Desentrañar que está ocurriendo en el campo fiscal y monetario no alcanza para determinar el curso que está tomando la economía.  No obstante, dicho análisis permite conocer con bastante precisión el plan de la actual gestión de Gobierno.

Ante todo, debemos tener en cuenta que el déficit fiscal financiero (incluye el pago de intereses de la deuda pública) estaría alcanzando una tasa del 5% del PBI al cierre del año 2015.  Cabe destacar que algunos analistas estiman que dicha tasa rondará el 7%.  Desde luego, el tamaño del déficit fiscal supone de partida el ritmo de emisión monetaria necesaria para cubrirlo.

 

El plan del actual Gobierno consiste en reducir la tasa citada.  Empero, algunas medidas adoptadas nos permiten dudar acerca de que se alcance dicho objetivo.  Incluso puede llegar a ocurrir que en el presente año aumente.

Las medidas adoptadas y a adoptar son, entre otras, las siguientes:

  1. Eliminación de impuestos a la exportación de granos.

  2. Reducción de impuestos a la exportación de soja.

  3. Eliminación de impuestos a la exportación de minerales.

  4. Atenuación del impuesto a las ganancias en la cuarta categoría (se implementaría a partir de marzo con alcance a enero del presente año).

  5. Reducción del IVA para cierta categoría de consumidores. (En análisis).

  6. Pago de deuda a los fondos buitres.  Aquí impactaría en mayores intereses.  (En negociación).

Todas estas medidas suponen una merma significativa de la recaudación impositiva o un aumento del gasto.  Esto será compensado parcialmente con la reducción de subsidios a la energía.  Desde luego, el balance en principio estaría mostrando un deterioro de la situación fiscal.  Para que esto no impacte inflacionariamente tras una emisión monetaria desmesurada, el Gobierno actuaría en dos planos:

  1. Tomando fondos externos para financiar el déficit.

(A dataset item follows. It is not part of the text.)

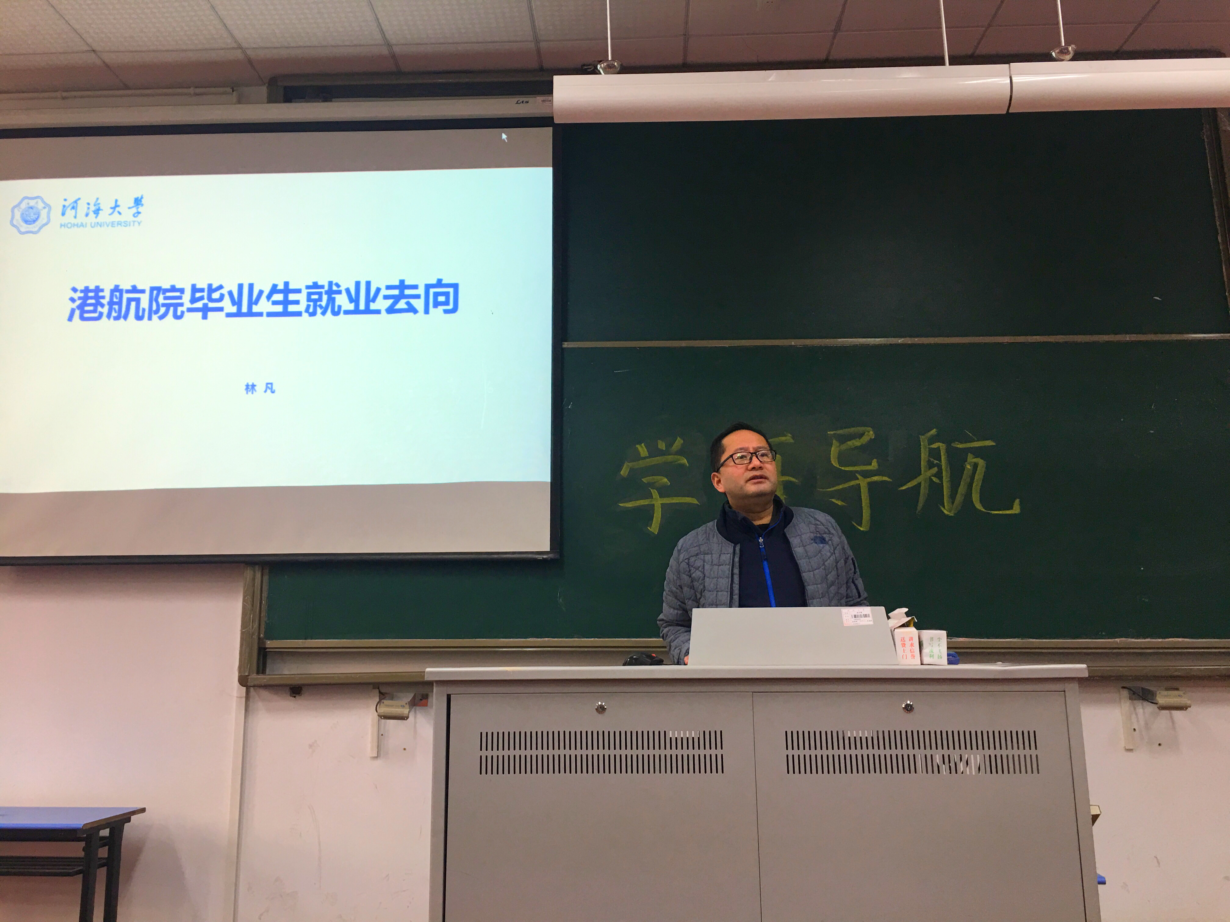 在鼓楼校区水利馆201举办了2016级就业指导讲座。本次讲座有幸邀请到研究生辅导员林凡老师为同学们介绍近几年来港航专业创业就业的现状,16级辅导员张同鑫老师和16级全体本科生参加了此次讲座。

  2. Emitiendo letras del BCRA para absorber la liquidez excedente.

En el primer caso se parte de un bajo nivel de endeudamiento y en el segundo se apunta a secar fondos.


La pregunta por el millón es si esta situación se supera a partir del año próximo.  De no ser así, quedaría configurado un sistema que tiene un tiempo limitado de aplicación.  Quizás la alternativa sea generar recaudación impositiva adicional proveniente, entre otras, de la renta financiera y del juego de azar.